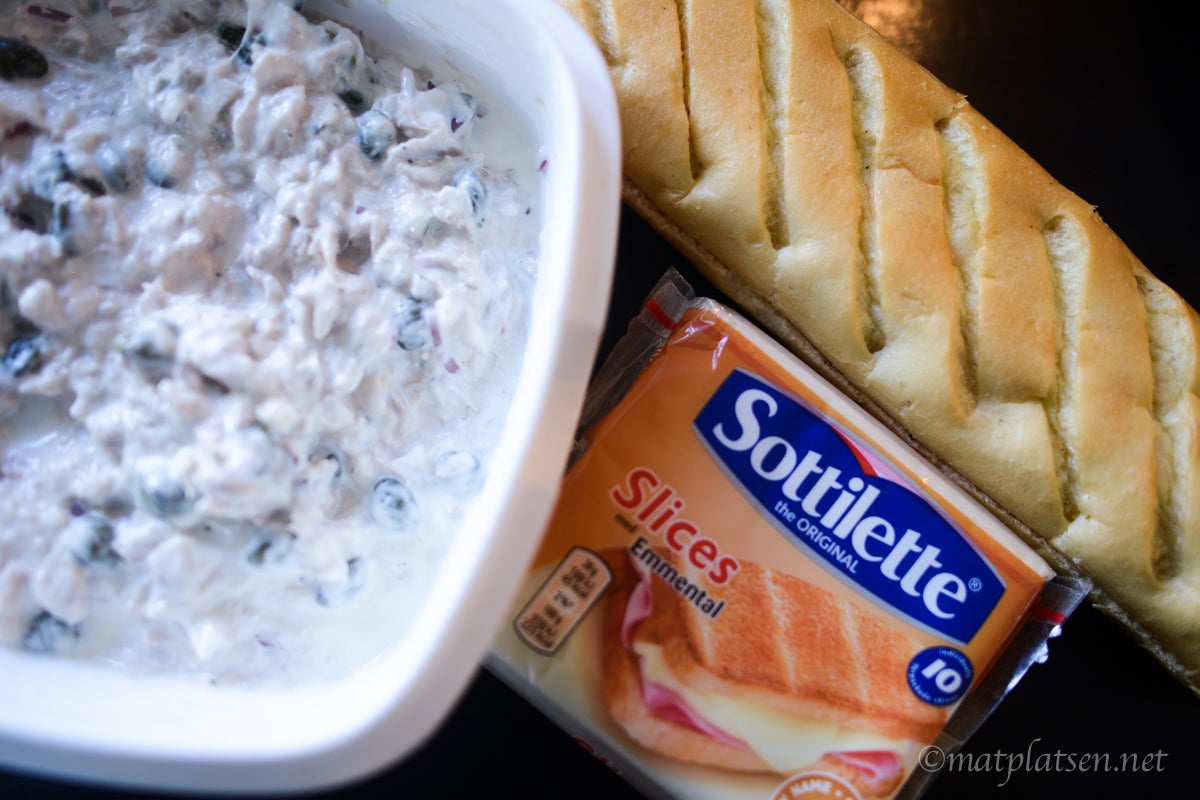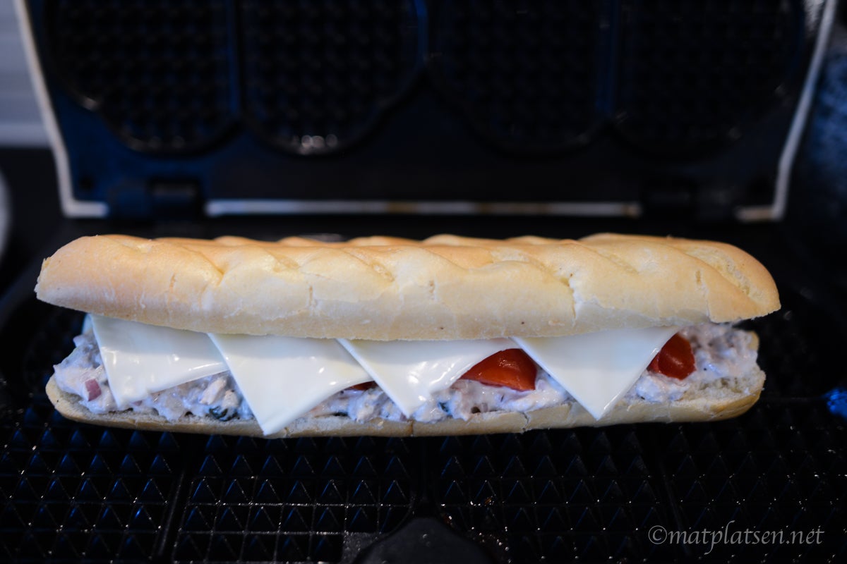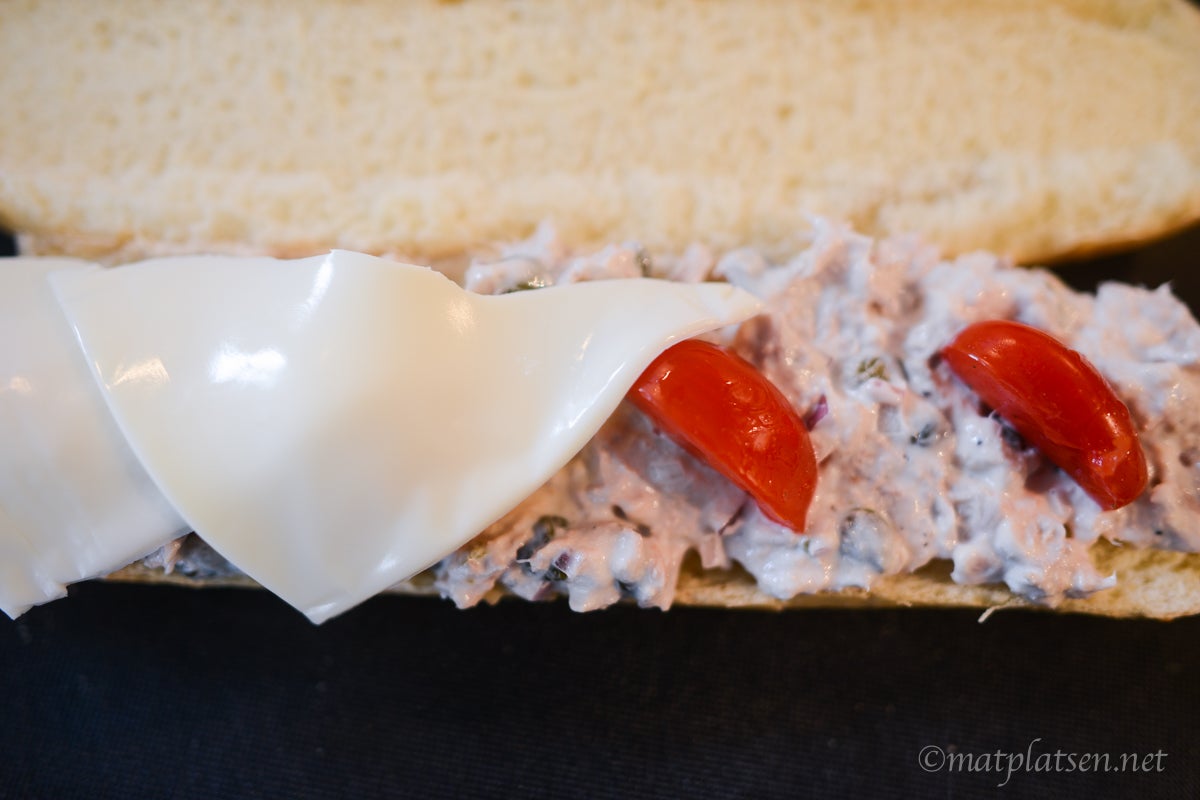 Lägg i rejält med tonfiskröra i baguetten och toppa med skivad tomat, ost, salt & peppar. Grilla en stund i våffeljärn så osten smälter och ytan blir gyllene och knaprig. Servera genast.
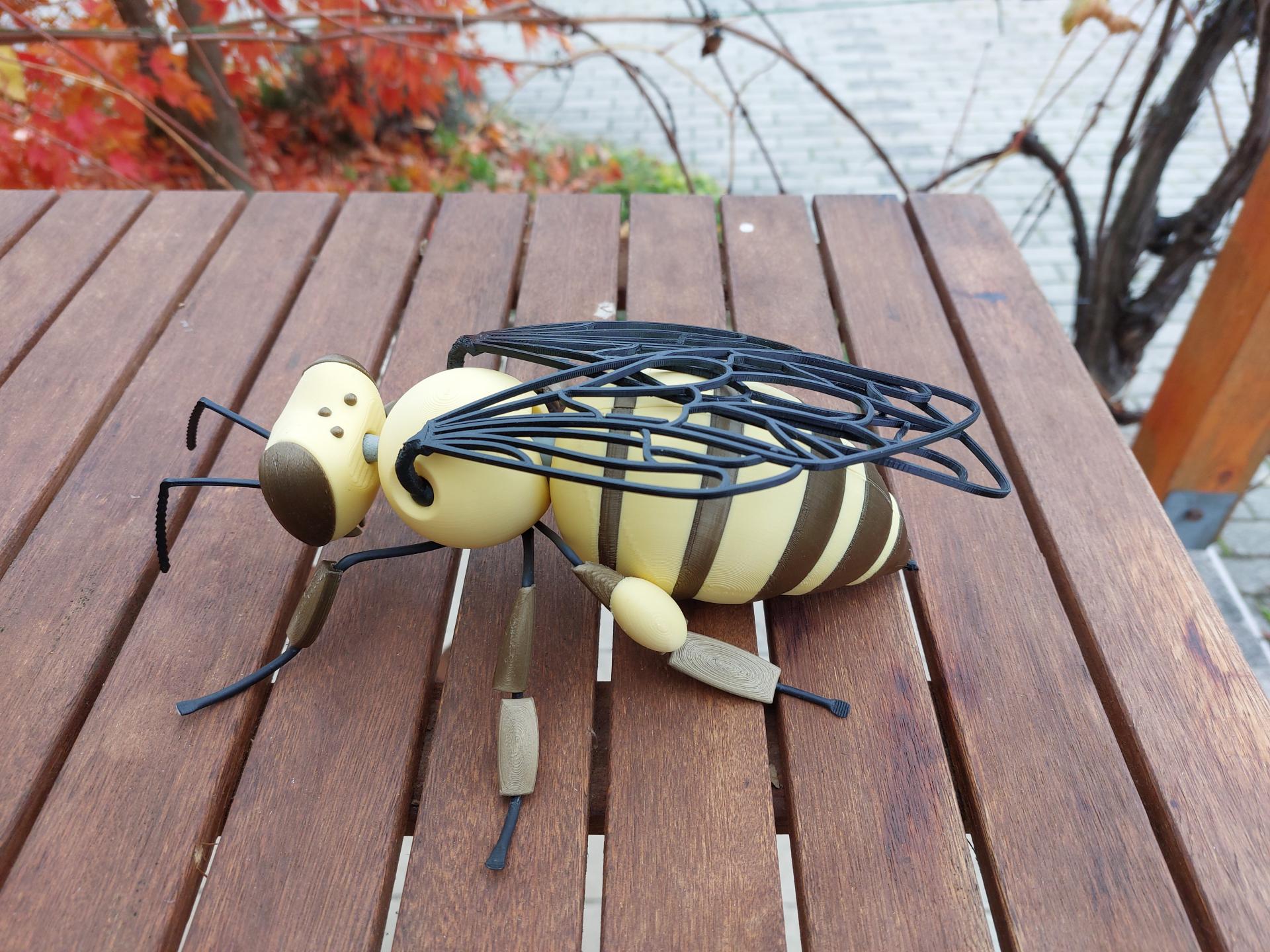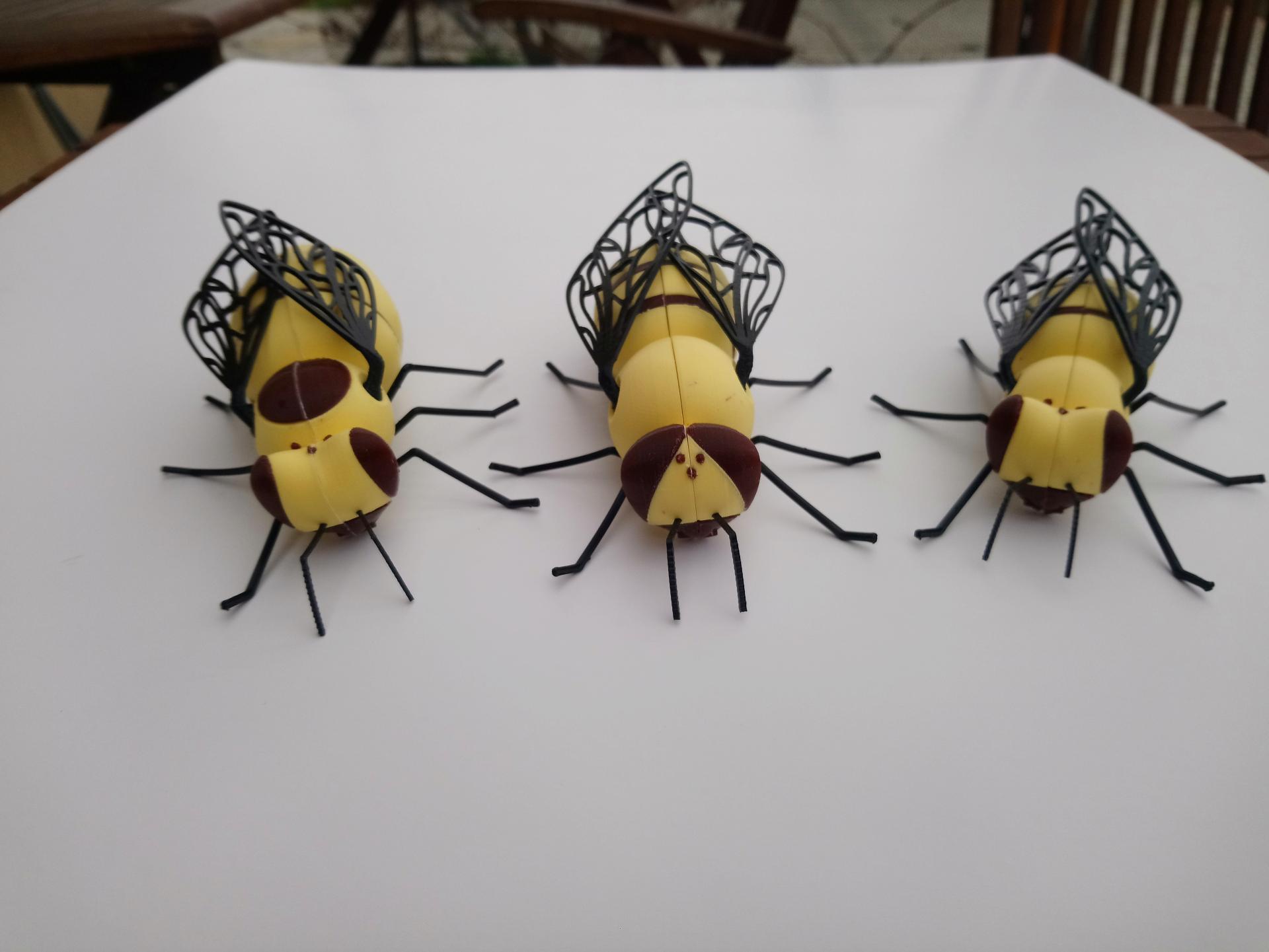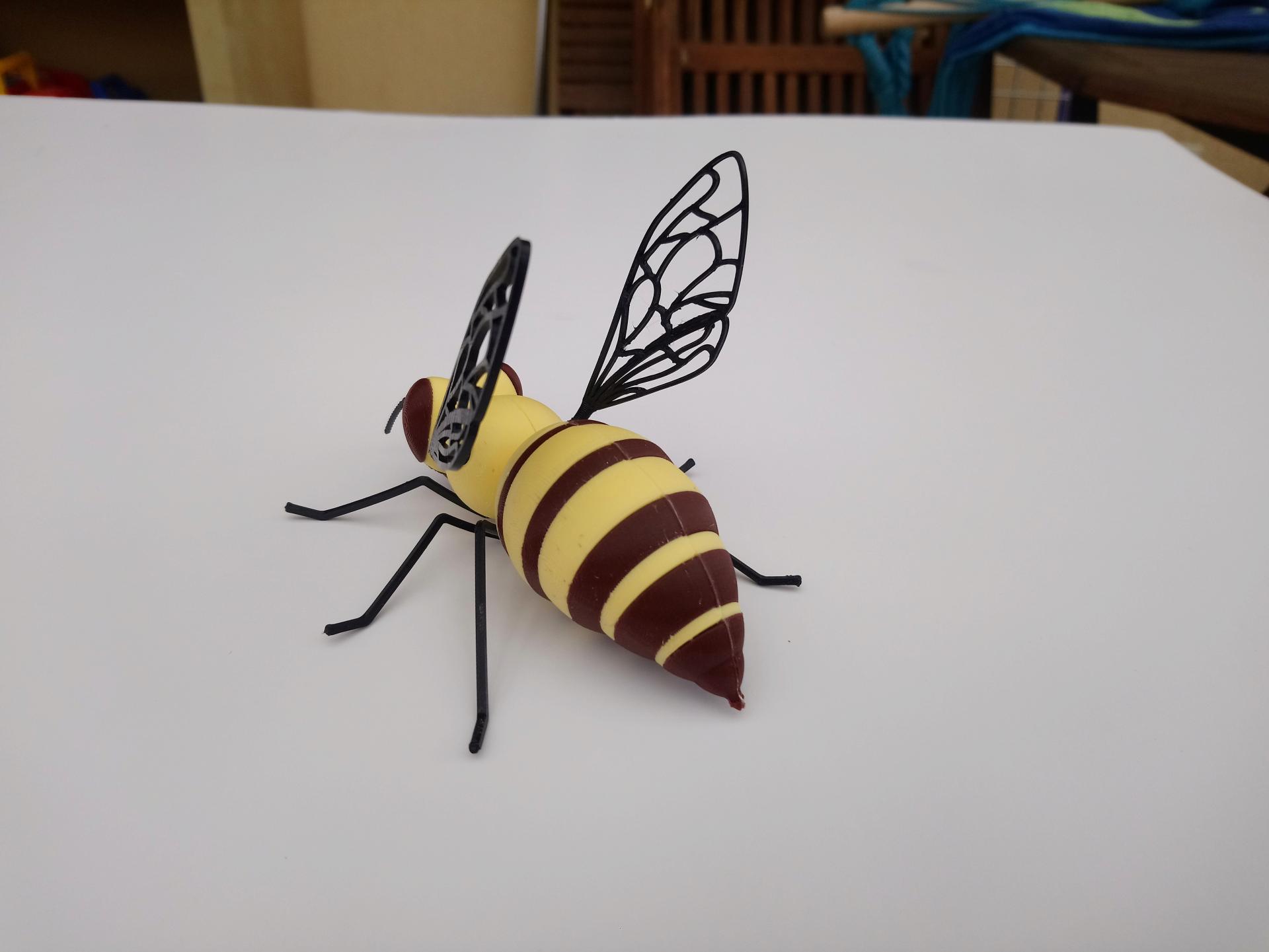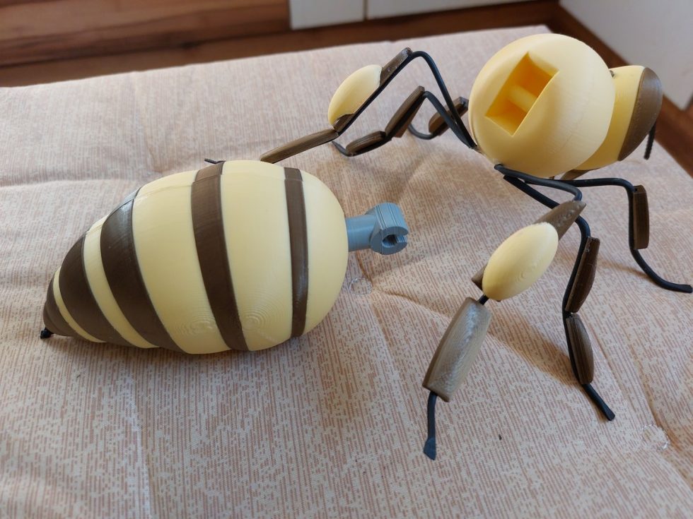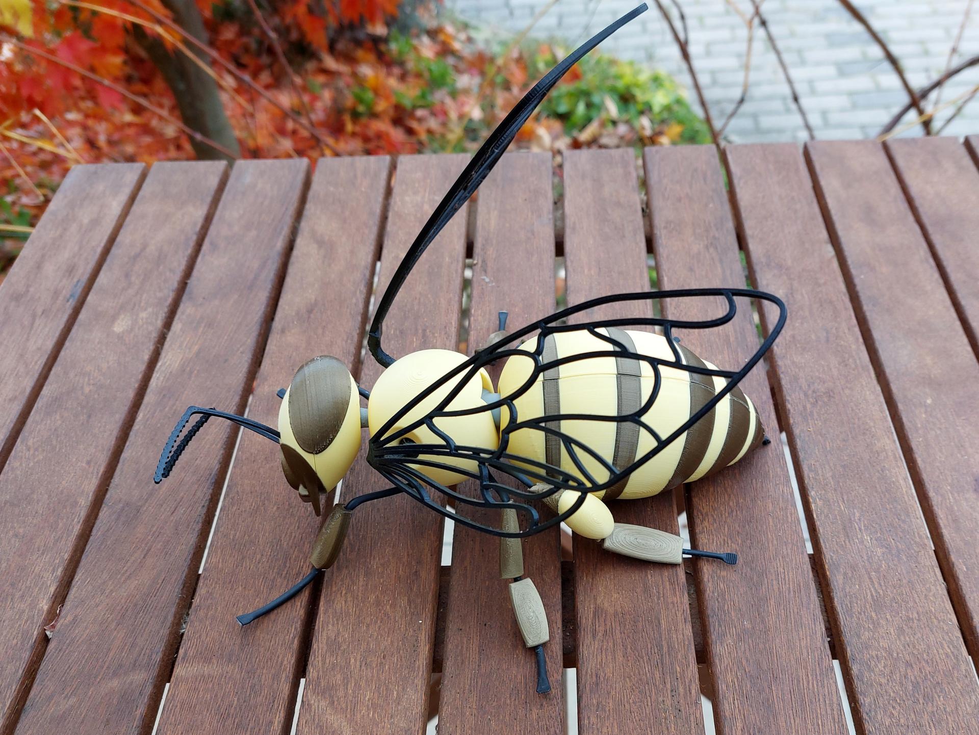 Anyagok: PLA (fej, tor, potroh, kosárka, ízek a lábakon) + TPU (szárnyak, csápok) + saválló drót zsugorcsővel és PLA elemekkel (lábak)
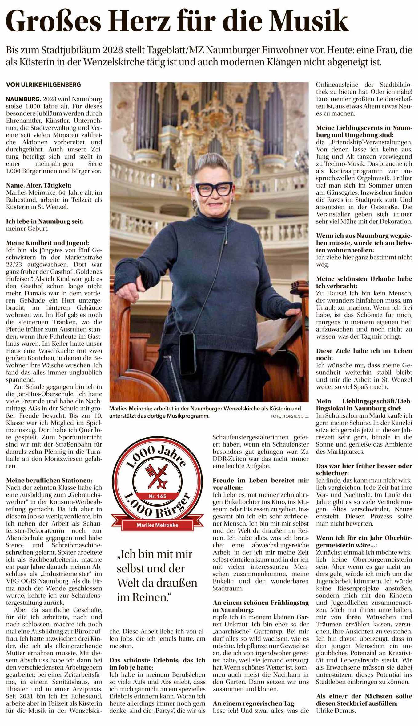 Marlies Meironke: Großes Herz für die Musik. Naumburger Tageblatt
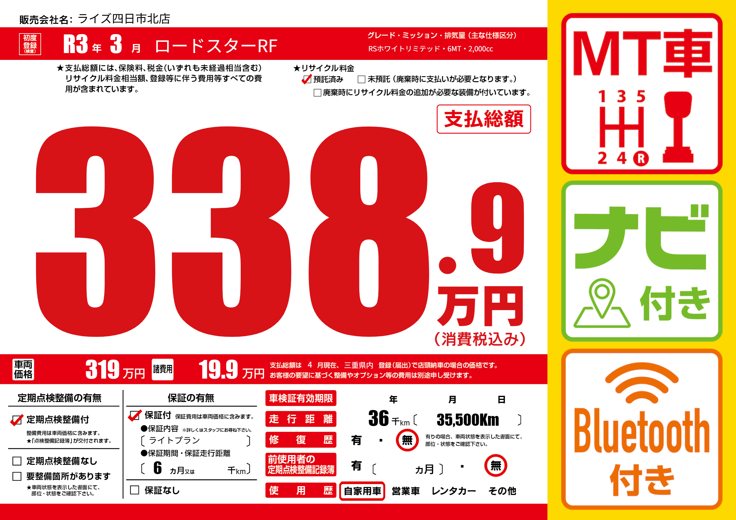 | 車名 | ロードスターRF | グレード ミッション 排気量 |
• • • • • • •
> [Task goal] Only the lines from the one containing "Anyagok: PLA (fej, tor, potroh, kosárka, ízek" through the end of the listing should be output, word for word and inclusive; keep pictures out.

> [Response]
 Anyagok: PLA (fej, tor, potroh, kosárka, ízek a lábakon) + TPU (szárnyak, csápok) + saválló drót zsugorcsővel és PLA elemekkel (lábak)
 Marlies Meironke: Großes Herz für die Musik. Naumburger Tageblatt
 | 車名 | ロードスターRF | グレード ミッション 排気量 |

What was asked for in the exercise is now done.